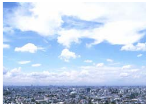
市川駅周辺の眺望

快適に安心して歩いて暮らせる街づくりを目指し、歩道のバリアフリー化や十分な歩行者空間の確保、高齢者対応のエレベータの設置、また公共の駐輪場を整備します。
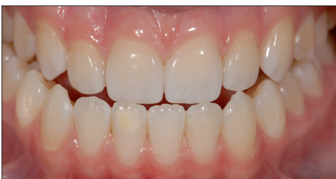
Foto 9. Eindresultaat.
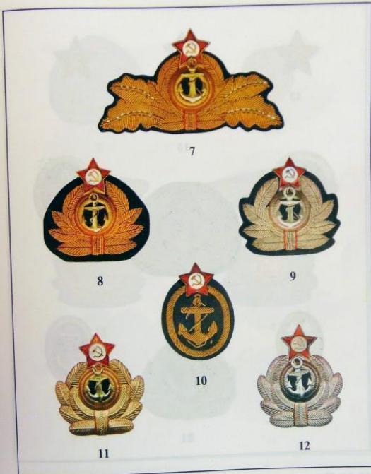
7. Адмиралы (кроме Адмиралов флота Советского Союза), 1943. 8. Офицеры и мичманы, адмиралы и генералы ВМФ (повседневная форма), 1958. 9. Инженерно-командный состав (адмиралы - на повседневной форме), 1958. 10. Главные старшины, старшие сержанты, 1940. 11-12. Офицерский состав корабельной и инженерно-корабельной служб, 1964.
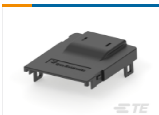
TE 产品编号1986186-1 Strain Relief,20 Posn,D3000 Dynamic, 2
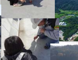
▲橋梁床版部に書き書き!
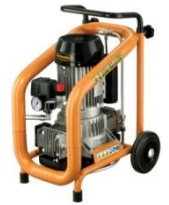
Kompressor C330/3 230 V - ölfrei
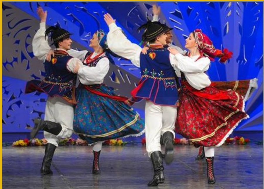
Чешский национальный костюм
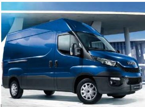
Dodávky a podvozky s různými nástavbami

CNG - Vyzrálé řešení pro široké použití Dnes již bezproblémové tankování nejen v ČR ale celé Evropě EMISE lepší než EuroVI

# # # #

## What is needed
Lines from the one holding "Foto 9. Eindresultaat." to the end of the data, both ends included, are to be given again exactly; no pictures belong in the copy.

## Expected output
Foto 9. Eindresultaat.
7. Адмиралы (кроме Адмиралов флота Советского Союза), 1943. 8. Офицеры и мичманы, адмиралы и генералы ВМФ (повседневная форма), 1958. 9. Инженерно-командный состав (адмиралы - на повседневной форме), 1958. 10. Главные старшины, старшие сержанты, 1940. 11-12. Офицерский состав корабельной и инженерно-корабельной служб, 1964.
TE 产品编号1986186-1 Strain Relief,20 Posn,D3000 Dynamic, 2
▲橋梁床版部に書き書き!
Kompressor C330/3 230 V - ölfrei
Чешский национальный костюм
Dodávky a podvozky s různými nástavbami

CNG - Vyzrálé řešení pro široké použití Dnes již bezproblémové tankování nejen v ČR ale celé Evropě EMISE lepší než EuroVI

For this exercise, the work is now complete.